### Aim of the task
The required output is the stretch from the line containing "TE 产品编号3954384002 CGPE-105-1/2-0-SP" through the line containing "Ich und Du, 2006, H 27 cm, B 22,5 cm, T 11 cm" in the records below, unaltered and with no pictures.

━━━ Dataset entries ━━━

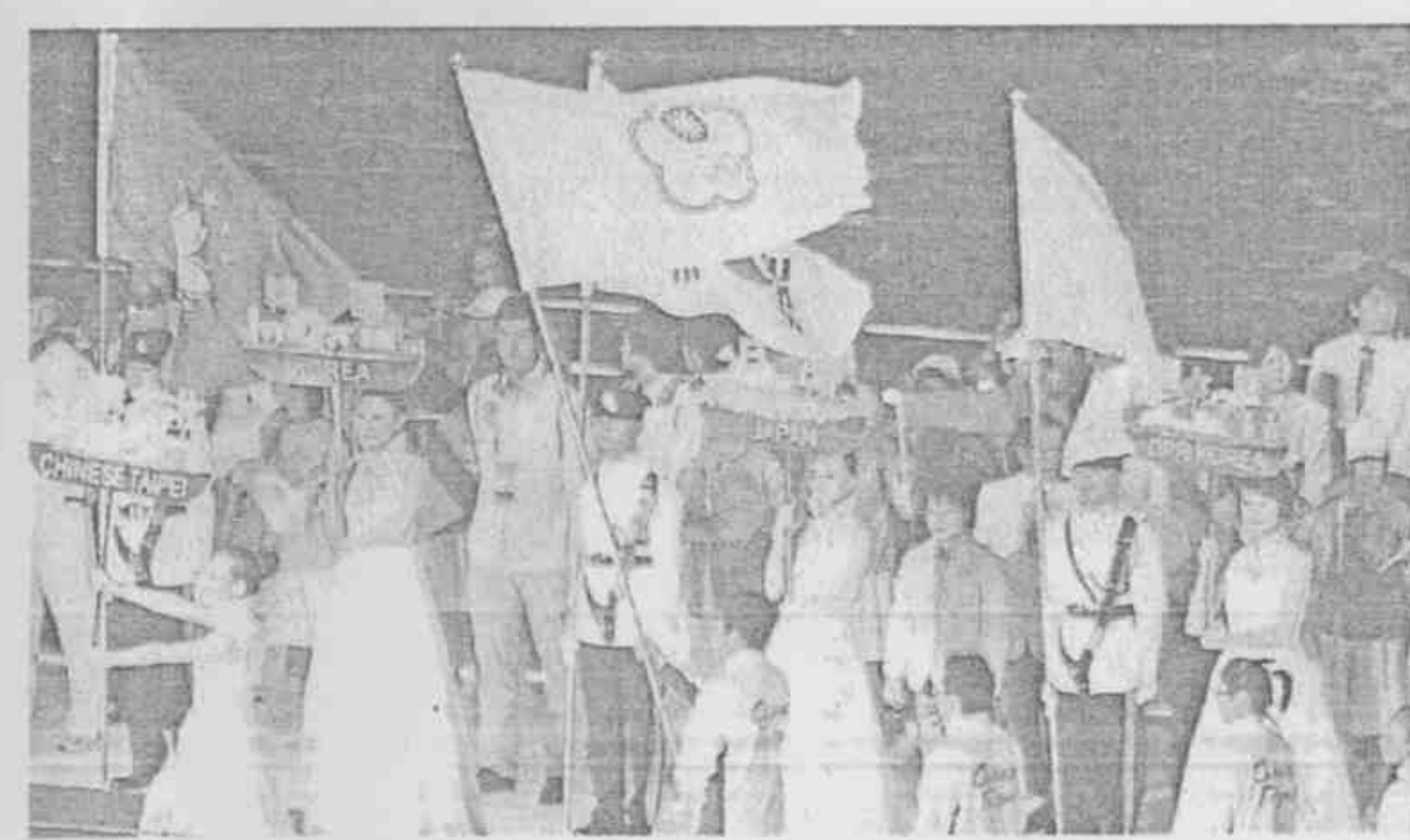
東亞運開幕典禮，中華代表團在海上舞台進場，感受新奇。

東亞運開幕式重創意，以港口作舞台，運用灣仔、中環海岸線形成最大舞台背景，維多利亞港附近區域，可以容納近30萬觀眾與運動員互動，打破很多傳統運動會開幕式的模式。
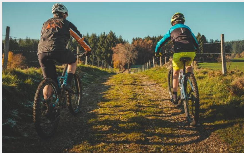
Balade en VTT à Saint-Romain-la-Motte
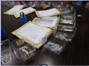
ベルマークを番号別に トレイに分ける。
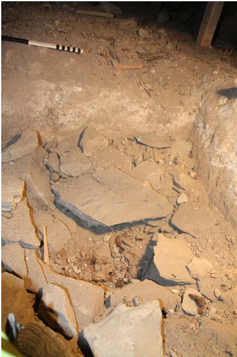
Figur 7. Gravens beliggenhet ved kammerets SV hjørne. Niku_ark_322153.

Noen stykker treflis og spon lå rundt ansiktet; noen av disse kan være rester av en ødelagt kiste, men de fleste er antagelig avfall fra tidligere byggearbeider. Steinene som ligger løst her kan være stein fra middelalderkirken eller fra de øvre delene av murene i kammeret som ble revet i 1890. Skjelettet ble tildekket med planker og stein etter dokumentasjon.
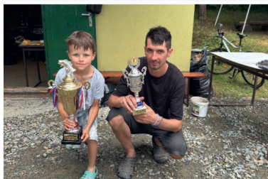
Vítěz dětských závodů
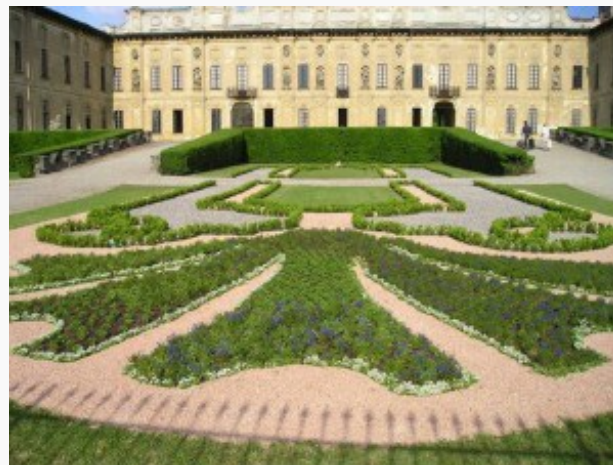
Bollate Villa Arconati

magnificenza di questi complessi: nell'estate del 1750 Villa Arconati ospitò il padre della commedia italiana, Carlo Goldoni, che godeva dell'ammirazione e della protezione di Giuseppe Antonio Arconati, proprietario e discendente dell'ideatore di questa superba villa, il conte Galeazzo, celebre collezionista e grande estimatore di Leonardo. Stendhal agli inizi dell'800, dopo aver passeggiato nel Ninfeo di Villa Visconti Borromeo Litta, metteva in guardia dai suoi 'scherzi': "Posando il piede sul primo gradino di una certa scala, sei getti d'acqua mi sono schizzati tra le gambe". Nel suo tour lombardo, lo scrittore parigino passò anche per Villa Tittoni Traversi e, colpito dall'eccentrica combinazione di stili, la scelse per ambientarvi il dramma giocoso 'Il forestiere in Italia' del 1816, rimasto incompiuto. Villa Pusterla conquistò a tal punto gli occhi di Napoleone durante le sue discese italiane, che non solo vi trasferì per alcuni mesi il suo quartier generale, ma nell'adiacente Oratorio di San Francesco vi fece sposare le due sorelle, Elisa e Paolina.
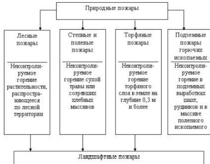
Рис. 10. Виды природных пожаров Б) Используя учебную литературу, заполните Таблицу 5.
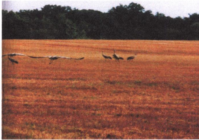
Żurawie na żerowisku

* Punkty widokowe w okolicy Mojuszewskiej Huty i Mojusza. Ukształtowanie powierzchni na tym terenie jest bardzo zróżnicowane. Najwyżej wzniesione tereny to obszary zajmujące południowo-wschodnią i wschodnią część gminy, czyli właśnie okolice Mojusza i Mojuszewskiej Huty. W kilku miejscach wysokości terenu przekraczają 260 m n.p.m. Najwyższe wzniesienie o wysokości 270,5 metra znajduje się w Mojuszewskiej Hucie. Nieco niżej posadowiony jest punkt triangulacyjny w Mojuszu (269 m n.p.m.). Wzniesienia są wynikiem procesów glacialnych. Lodowiec pozostawił na terenie obecnej gminy Sierakowice przeróżne formy. Jest tu falista wysoczyzna moreny dennej zwana Mojuszewsko-Mirachowską; są pagórki czołowomorenowe (Pagóry Sierakowickie); pomiędzy nimi występują liczne wytopiska zajęte przez jeziora i torfowiska. Na północnych krańcach, w nieckach wytopiskowych, ulokowane są moreny martwego lodu, kemy, piaszczyste pola sandrowe. Wysoczyzny są rozcięte polodowcowymi rynnami ( największa rynna Jeziora Gowidlińskiego), które mają typowy kierunek z północy na południe.
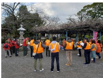
南部まちおこし講座（地元住民）と地域の企業の皆さんと一緒にしています
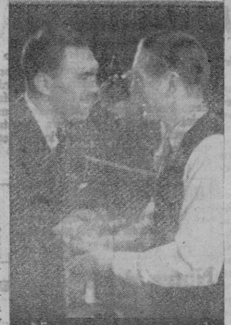
Un grupo de boxeadores franceses se encuentra actualmente visitando Alemania, invitados por Max Schmelling. En la fotografía vemos al gran boxeador alemán y al también ex campeón mundial, George Carpentier (francés), saludándose cordialmente.

Tokio, 7 (5 t.)—Wang Ching Wei, jefe del Gobierno nacional chino, ha declarado en Nankin, en una entrevista concedida a los representantes de la Prensa con ocasión del V aniversario del conflicto chino, que tiene la convicción de que el Japón saldrá victorioso de la guerra en el Asia oriental. «La terminación de este conflicto—prosiguió—decidirá, no solamente la suerte del Japón, sino también la de China. Aparentemente Chang Kai Chek ha creído que la potencia económica de sus aliados bastaría para darle la victoria si la guerra se prolongaba. La realidad de la ayuda anglo-norteamericana pertenece definitivamente al pasado, de tal forma que el mariscal chino lamentará muy pronto, amargamente la con-
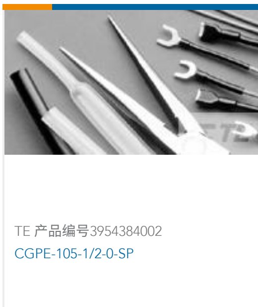
TE 产品编号3954384002 CGPE-105-1/2-0-SP
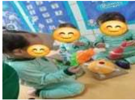
Semana do Brincar
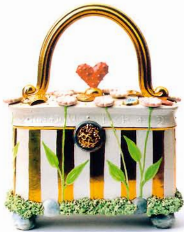
Ich und Du, 2006, H 27 cm, B 22,5 cm, T 11 cm

Metalteile, Holzverzierungen alter Möbel, Praliné-Förmchen, Glasblumen und -herzen ebenso in Gips ab wie alte Militärabzeichen. So entstehen wiederverwendbare Modeln, aus denen immer neue Applikationen für die keramischen Arbeiten hervorgehen. Alte Tapeten mit erhabenen Strukturen dienen dazu, den Unterseiten der Werke zarte Muster einzuprägen.
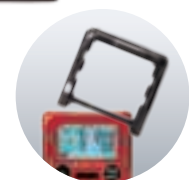
プロテクトカバー (4777 4161 10)
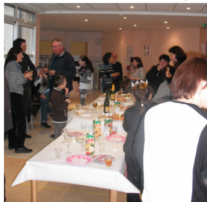
Les familles rassemblées autour de la galette
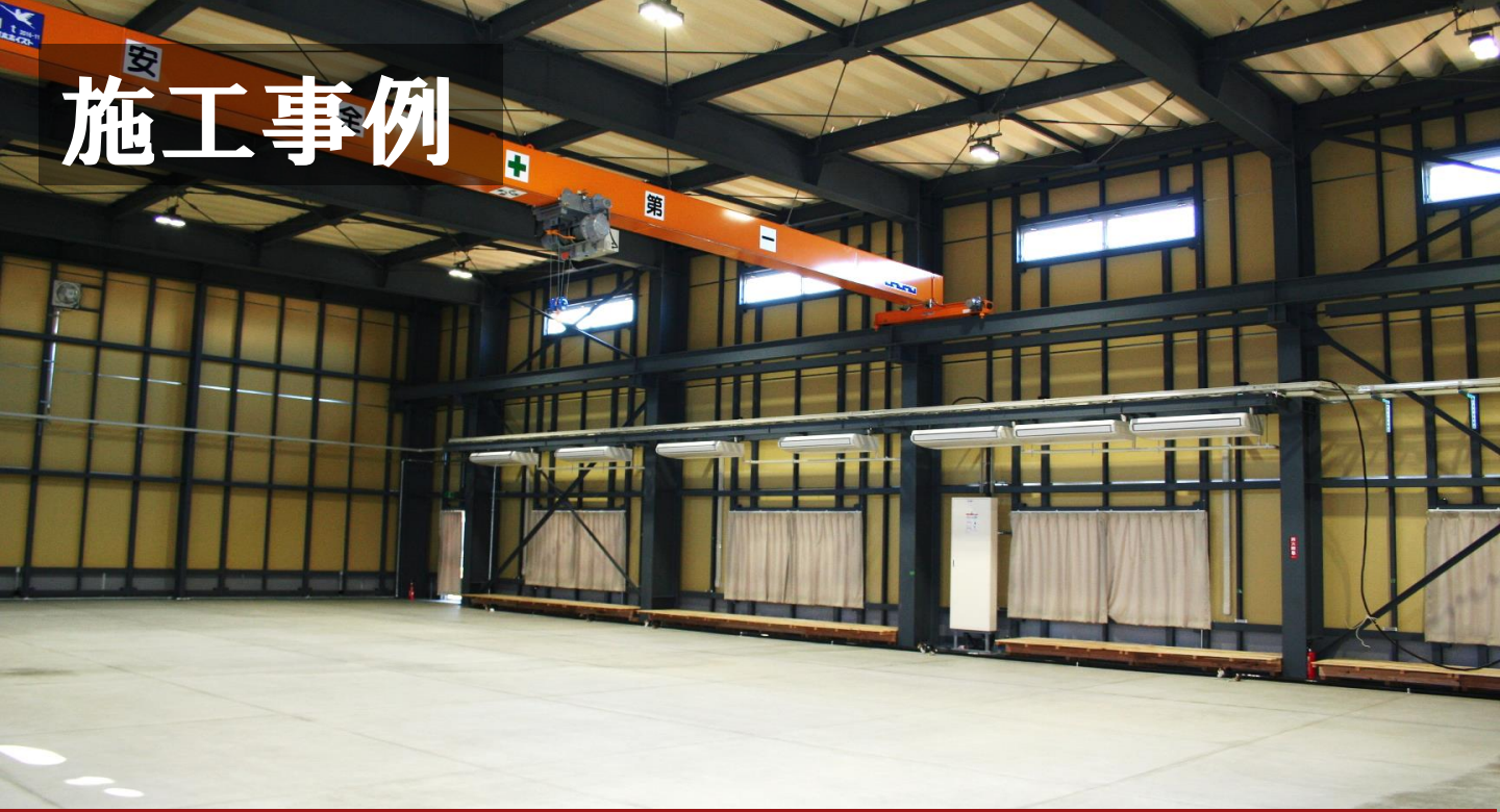
シンコーテック樹脂プレス工場 構造：鉄骨造平屋建て 建築場所：新潟県糸魚川市
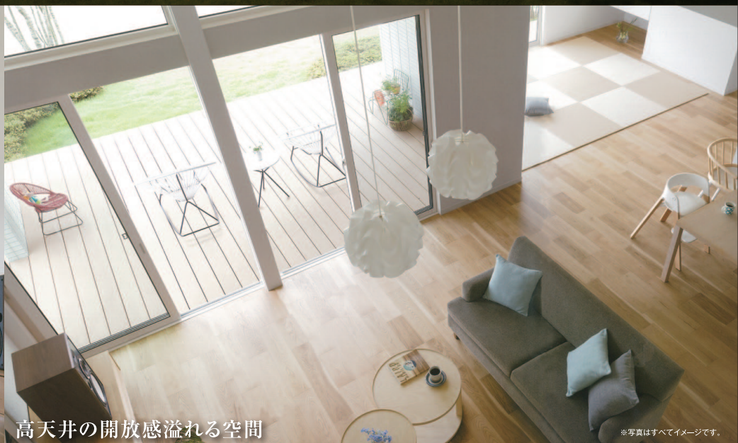
高天井の開放感溢れる空間
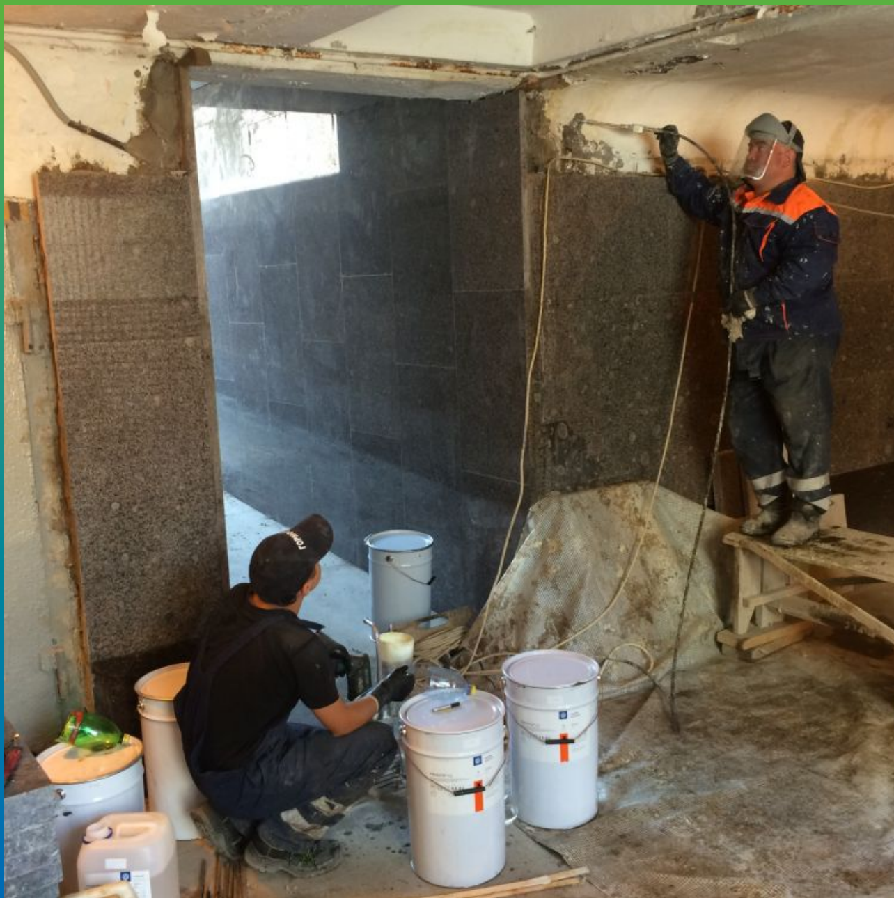
Инъектирование полиуретановой пены Манопур 15
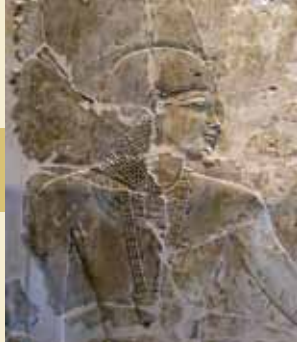
Khaemhat i Berlin.

Udgifveren er CEDEA ( Center of Documentation and Studies on Ancient Egypt ), der blev etableret i 1956 især med henblik på at dokumentere monumenter, der var truet af Nassersøens vande, og senere arkæologiske levn fra templer og grave til graffiti på vestbredden af Luxor. Scener fra graven blev først kopieret af de tidlige rejsende (Nestor L'Hôte, Wilkinson, Lepsius m.fl.), og en beskrivelse af graven af V. Loret i udkom 1889. Fotografier af detaljer af udsmykningen foreligger i mange publikationer om ægyptisk kunst. En omhyggelig kopiering af alle indskrifterne blev udført af Abdel Aziz Sadek† for CEDAE i 1967, hvor også reliefferne

━━━

### Answer for the task
TE 产品编号3954384002 CGPE-105-1/2-0-SP
Semana do Brincar
Ich und Du, 2006, H 27 cm, B 22,5 cm, T 11 cm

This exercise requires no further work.